Reputation: 3542
How can I ask if a string pattern, in this case C
, exists within any element of this set without removing them each and looking at them?
This test fails, and I am not sure why. My guess is that Python is checking if any element in the set is C
, instead of if any element contains C
:
n [1]: seto = set()
In [2]: seto.add('C123.45.32')
In [3]: seto.add('C2345.345.32')
In [4]: 'C' in seto
Out[4]: False
I know that I can iterate them set to make this check:
In [11]: for x in seto:
if 'C' in x:
print(x)
....:
C2345.345.32
C123.45.32
But that is not what I am looking to do in this case. Ok thanks for the help!
Edit
I am sorry, these are set operations, not list as my original post implied.
Upvotes: 1
Views: 680
Reputation: 184280
The other solutions you've been given are correct, understandable, and good Python, and they are reasonably performant if your set is small.
It is, however, possible to do what you want (at, of course, a considerable overhead in memory and setup time; TANSTAAFL) much more quickly using an index. And this index maintains constant performance no matter how big your data gets (assuming you have enough memory to hold it all). If you're doing a lot of looking up, this can make your script a lot faster. And the memory isn't as bad as it could be...
We'll build a dict
in which the keys are every possible substring from the items in the index, and the values are a set
of the items that contain that substring.

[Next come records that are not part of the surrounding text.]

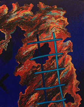 In the 90's, images of the ordinary object, unnoticed, unlooked at, debris found in the street, rendered inherently abstract in the photo-negative, continued to inform my work. I used my repertoire of painting techniques, and tools: the airbrush, air gun, brush, trowels, my fingers, masking and making stencils, squeezing paste through stencils and whatever else came to hand to charge the painting or drawing with spatial texture and drama. I felt I was a 'foolish, extravagant spirit, full of forms, figures, shapes, objects, ideas, apprehensions, motions, revolutions." And I was thankful for it.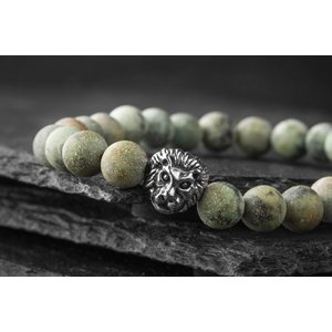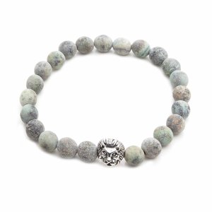 LION TURQUOISE ASH elastische mannenarmband met Afrikaanse turquoise parels die van kleur kunnen veranderen wanneer ontrouwe energie dreigt. Turquoise geeft balans aan het leven en geeft kracht. Standaard verpakt in Oosters stoffen zakje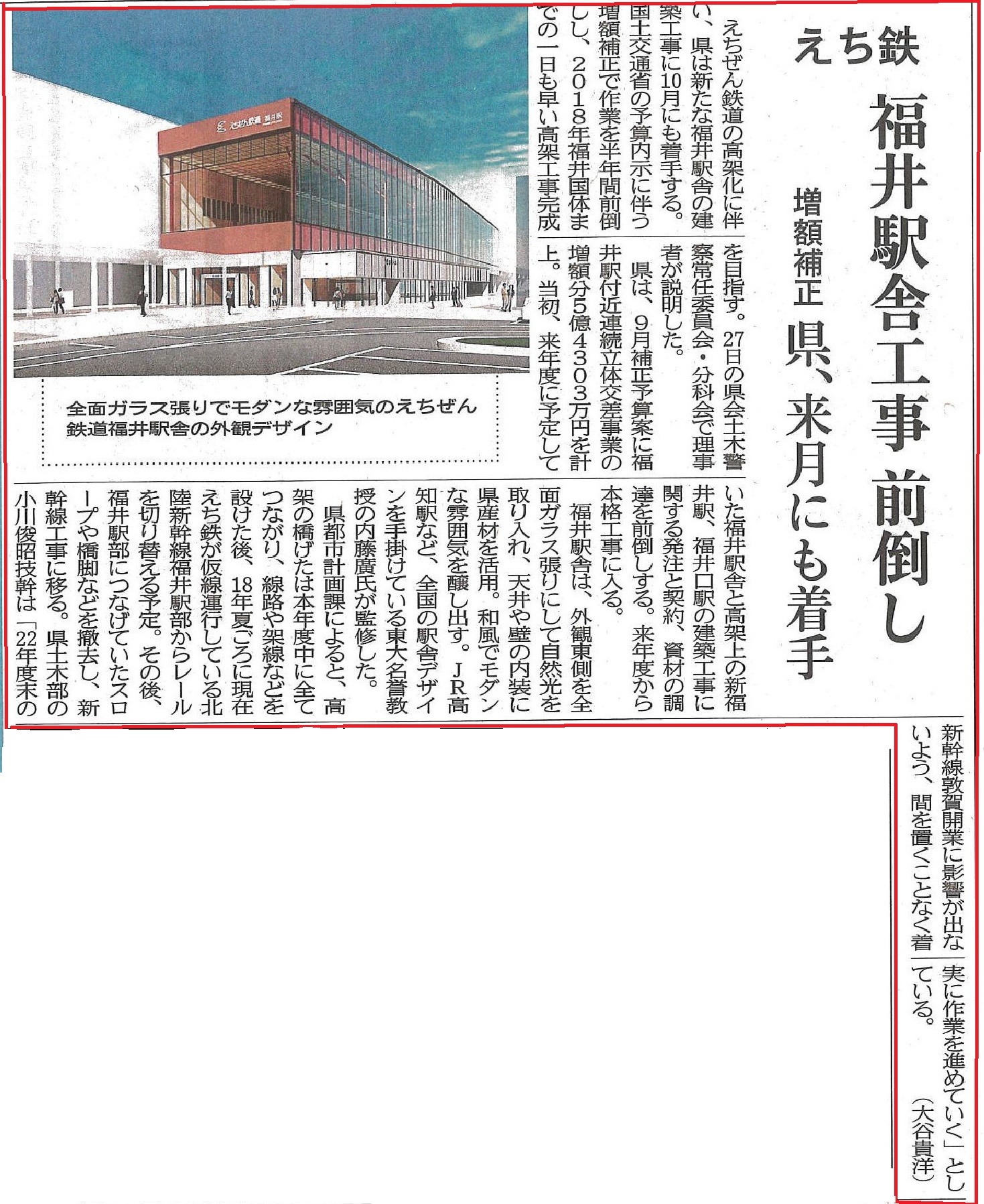 NEWS お知らせ TOP メディア掲載 えちぜん鉄道、福井駅外2新築 受注しました えちぜん鉄道、福井駅外2新築 受注しました 2016.10.12 えちぜん鉄道 福井駅・新福井駅・福井口駅の新築工事を受注しました。 地域の皆様に愛される建物になるよう、尽力いたします。 戻る 一覧へ 次へ 新着情報 永平寺大燈籠流しの清掃に参加しました。 丸岡宿泊型自立訓練事業所新築工事を受注しました。 小松(7)宿舎改修建築その1 を受注しました。 福井警察署 森田交番新築工事を受注しました。 公益財団法人 全国法人会総連合様から表彰されました カテゴリ インターンシップ 採用情報 現場見学会 メディア掲載 講演活動 令和7年度 令和6年度 令和5年度 令和4年度 令和3年度 令和2年度 令和元年度 平成30年度 平成29年度 平成28年度 平成27年度 平成26年度 平成25年度 平成24年度 平成23年度 アーカイブ 2025 (10) 2024 (30) 2023 (24) 2022 (21) 2021 (24) 2020 (30) 2019 (58) 2018 (57) 2017 (39) 2016 (34) 2015 (22) 2014 (14) 2013 (14) 2012 (11) 2011 (7) 新着情報 永平寺大燈籠流しの清掃に参加しました。 丸岡宿泊型自立訓練事業所新築工事を受注しました。 小松(7)宿舎改修建築その1 を受注しました。 福井警察署 森田交番新築工事を受注しました。 公益財団法人 全国法人会総連合様から表彰されました カテゴリ インターンシップ 採用情報 現場見学会 メディア掲載 講演活動 令和7年度 令和6年度 令和5年度 令和4年度 令和3年度 令和2年度 令和元年度 平成30年度 平成29年度 平成28年度 平成27年度 平成26年度 平成25年度 平成24年度 平成23年度 アーカイブ 2025 (10) 2024 (30) 2023 (24) 2022 (21) 2021 (24) 2020 (30) 2019 (58) 2018 (57) 2017 (39) 2016 (34) 2015 (22) 2014 (14) 2013 (14) 2012 (11) 2011 (7)

from collections import defaultdict
class substring_index(defaultdict):
def __init__(self, seq=()):
defaultdict.__init__(self, set)
for item in seq:
self.add(item)
def add(self, item):
assert isinstance(item, str) # requires strings
if item not in self[item]: # performance optimization for duplicates
size = len(item) + 1
for chunk in range(1, size):
for start in range(0, size-chunk):
self[item[start:start+chunk]].add(item)
seto = substring_index()
seto.add('C123.45.32')
seto.add('C2345.345.32')
print(len(seto)) # 97 entries for 2 items, I wasn't kidding about the memory
Now you can easily (and instantly) test to see whether any substring is in the index:
print('C' in seto) # True
Or you can easily find all strings that contain a particular substring:
print(seto['C']) # set(['C2345.345.32', 'C123.45.32'])

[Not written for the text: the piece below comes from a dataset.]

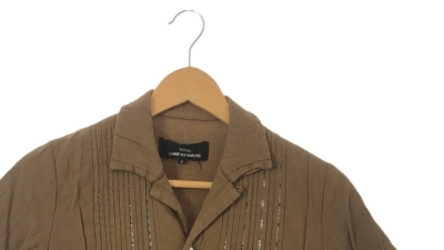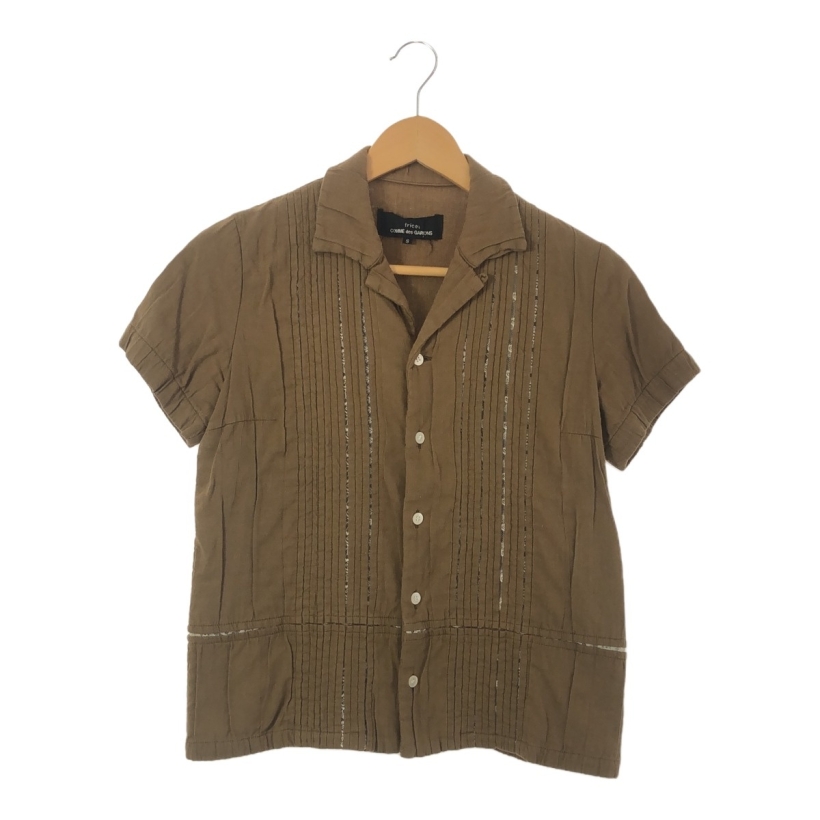 【入荷】COMME DES GARCONS TRICOT TQ-B029 半袖シャツ Sサイズ COTTON TUCK LACE OPEN COLLAR S/S SHIRT BROWN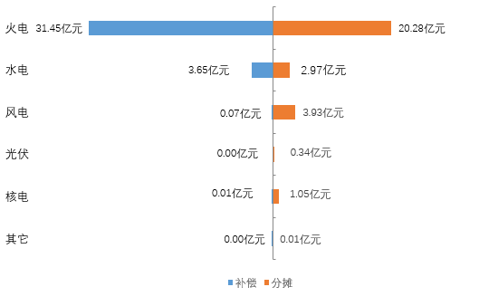 從能源類型的角度來看,電力輔助服務(wù)補(bǔ)償費(fèi)用的補(bǔ)償與分?jǐn)傎M(fèi)用對(duì)比如下。(見圖5)。

This can be pretty easily extended to include "starts with" and "ends with" matches, too, or to be case-insensitive.
For a less memory-intensive version of the same idea, look into tries.
Upvotes: 1
Reputation: 97631
Taking John's answer one stage further, if you want to use the subset of items containing C
:
items_with_c = {item for item in seto if 'C' in item}
if items_with_c:
do_something_with(items_with_c)
else:
print "No items contain C"
Upvotes: 2
Reputation: 361869
'C' in seto
This checks to see if any of the members of seto is the exact string 'S'
. Not a substring, but exactly that string. To check for a substring, you'll want to iterate over the set and perform a check on each item.
any('C' in item for item in seto)
The exact nature of the test can be easily changed. For instance, if you want to be stricter about where C
can appear:
any(item.startswith('C') for item in seto)
Upvotes: 3